**AIM OF THE EXERCISE**.
Once the line with "- Elke roltas" is found, write it out along with every line after it, exactly, up to the last line of the entries below. Exclude pictures.

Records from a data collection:
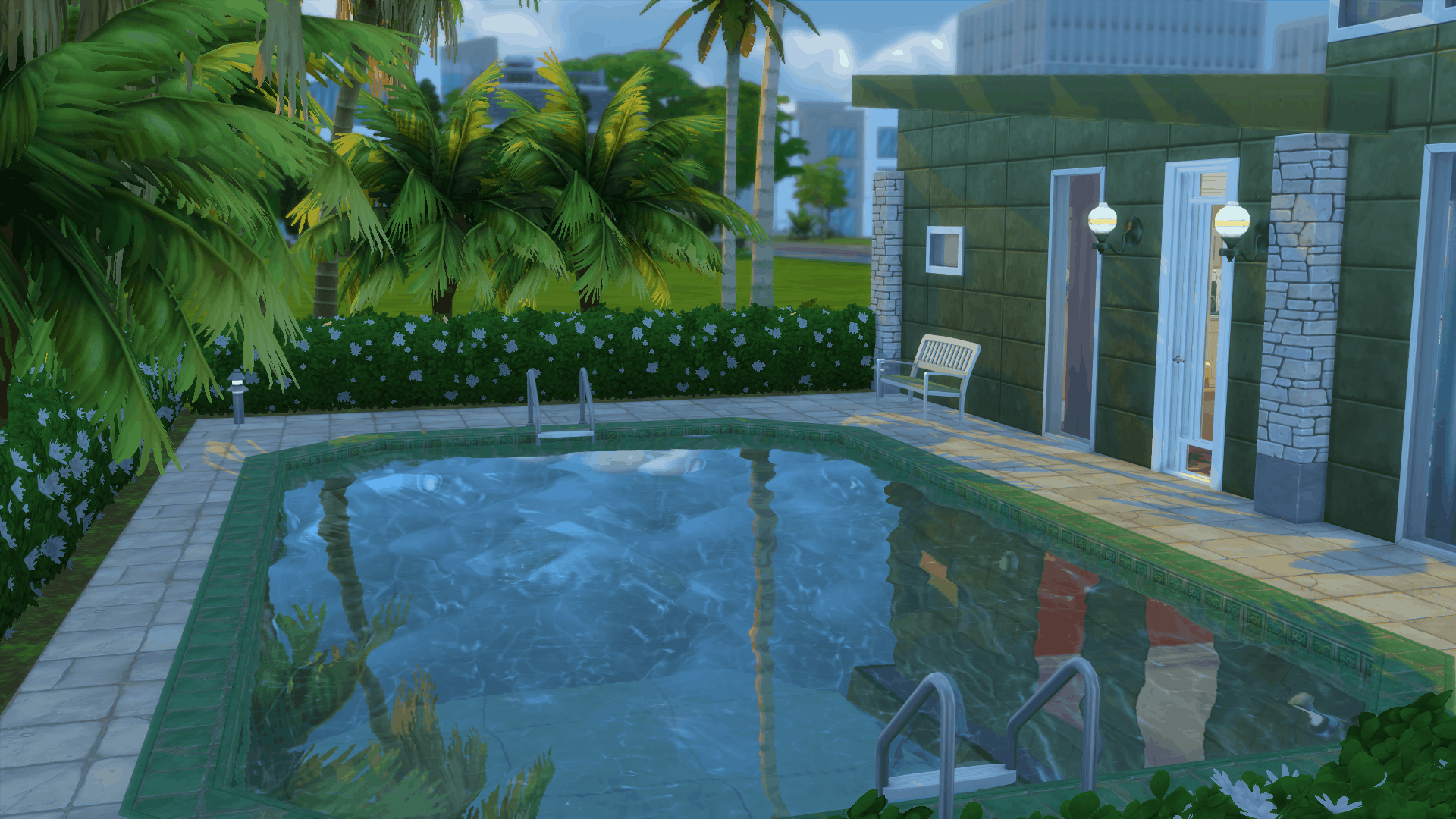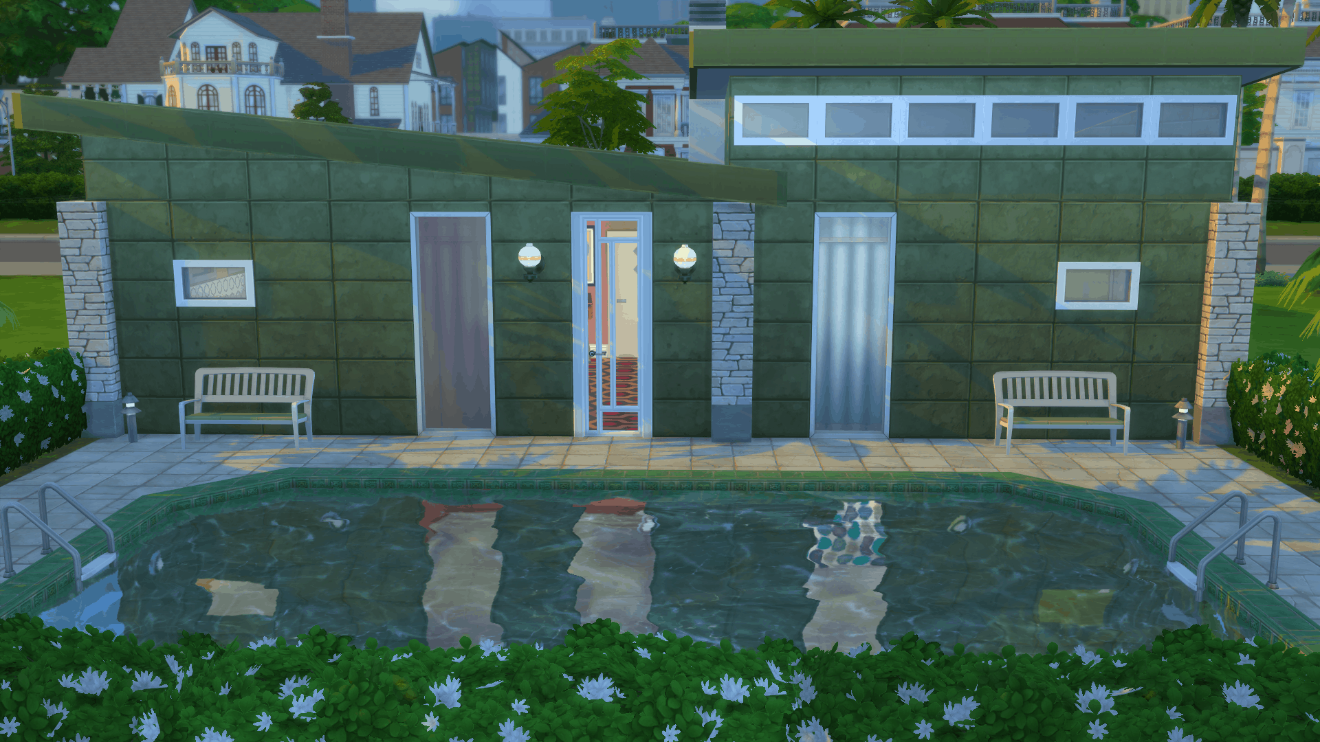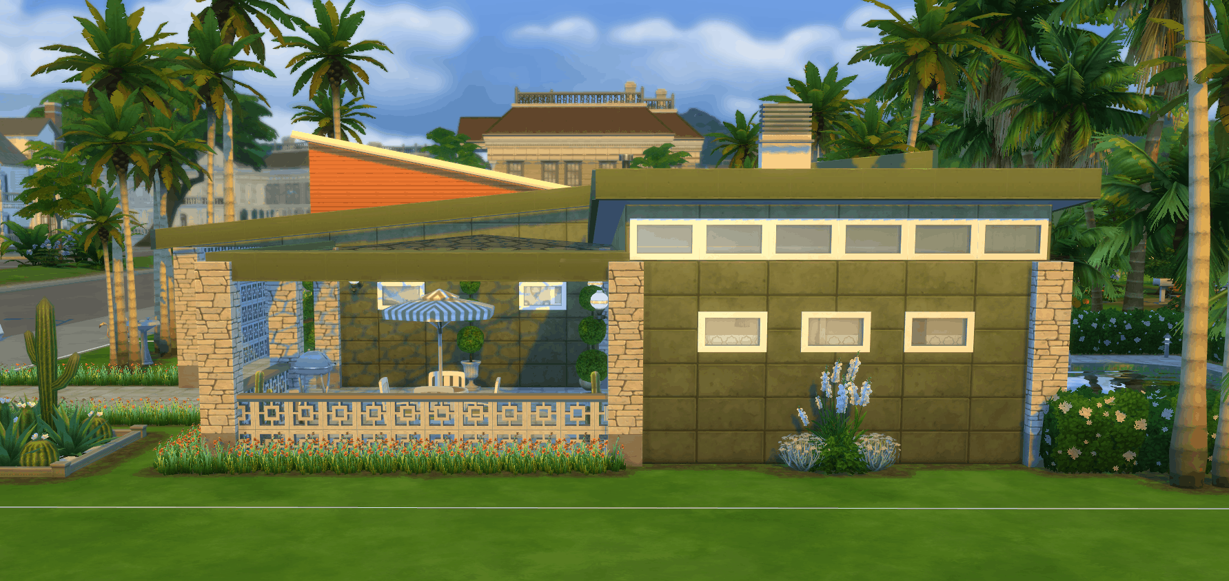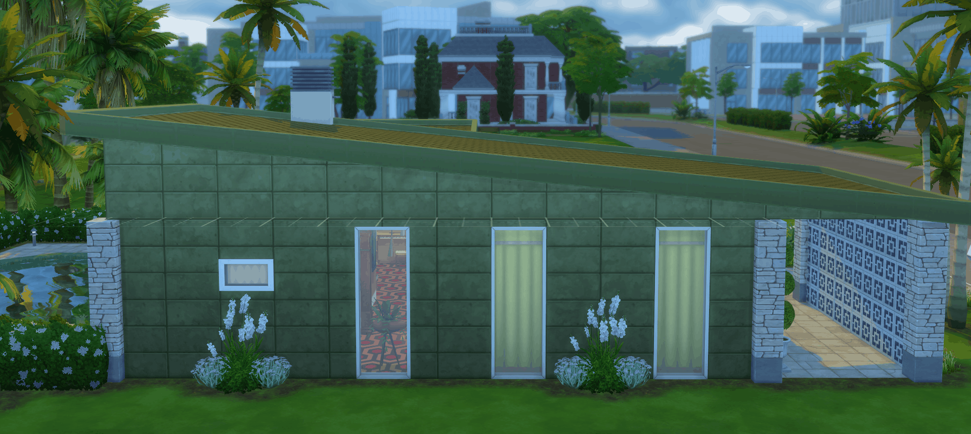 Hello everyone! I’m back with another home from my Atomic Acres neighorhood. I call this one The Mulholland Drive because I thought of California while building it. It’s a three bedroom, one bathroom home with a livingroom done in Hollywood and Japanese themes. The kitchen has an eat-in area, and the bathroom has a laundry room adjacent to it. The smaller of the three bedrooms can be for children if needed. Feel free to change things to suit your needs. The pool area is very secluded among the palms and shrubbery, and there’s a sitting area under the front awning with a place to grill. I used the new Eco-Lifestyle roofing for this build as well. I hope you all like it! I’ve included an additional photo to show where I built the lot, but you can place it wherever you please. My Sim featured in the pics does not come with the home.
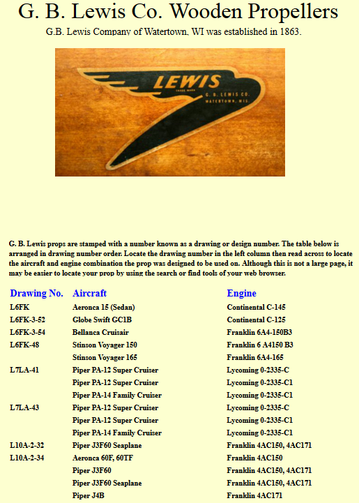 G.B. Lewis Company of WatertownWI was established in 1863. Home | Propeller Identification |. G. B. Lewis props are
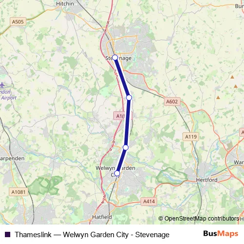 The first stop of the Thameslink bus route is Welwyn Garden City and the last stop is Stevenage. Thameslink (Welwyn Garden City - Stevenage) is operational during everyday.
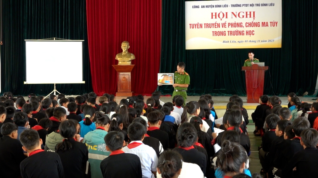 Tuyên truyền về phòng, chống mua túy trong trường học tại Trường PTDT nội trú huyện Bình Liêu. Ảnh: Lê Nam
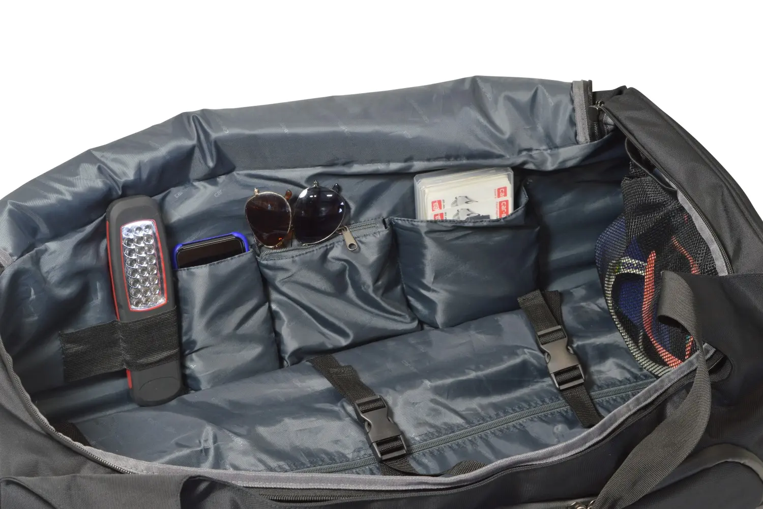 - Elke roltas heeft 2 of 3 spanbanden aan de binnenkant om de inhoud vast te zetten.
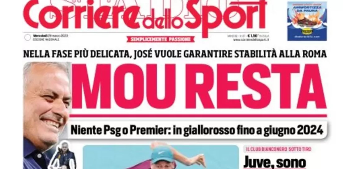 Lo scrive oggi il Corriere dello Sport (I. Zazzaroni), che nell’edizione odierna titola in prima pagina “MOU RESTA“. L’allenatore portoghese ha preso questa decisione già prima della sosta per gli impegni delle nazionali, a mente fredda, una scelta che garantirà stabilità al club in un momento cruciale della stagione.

**EXERCISE ANSWER**.
 - Elke roltas heeft 2 of 3 spanbanden aan de binnenkant om de inhoud vast te zetten.
 Lo scrive oggi il Corriere dello Sport (I. Zazzaroni), che nell’edizione odierna titola in prima pagina “MOU RESTA“. L’allenatore portoghese ha preso questa decisione già prima della sosta per gli impegni delle nazionali, a mente fredda, una scelta che garantirà stabilità al club in un momento cruciale della stagione.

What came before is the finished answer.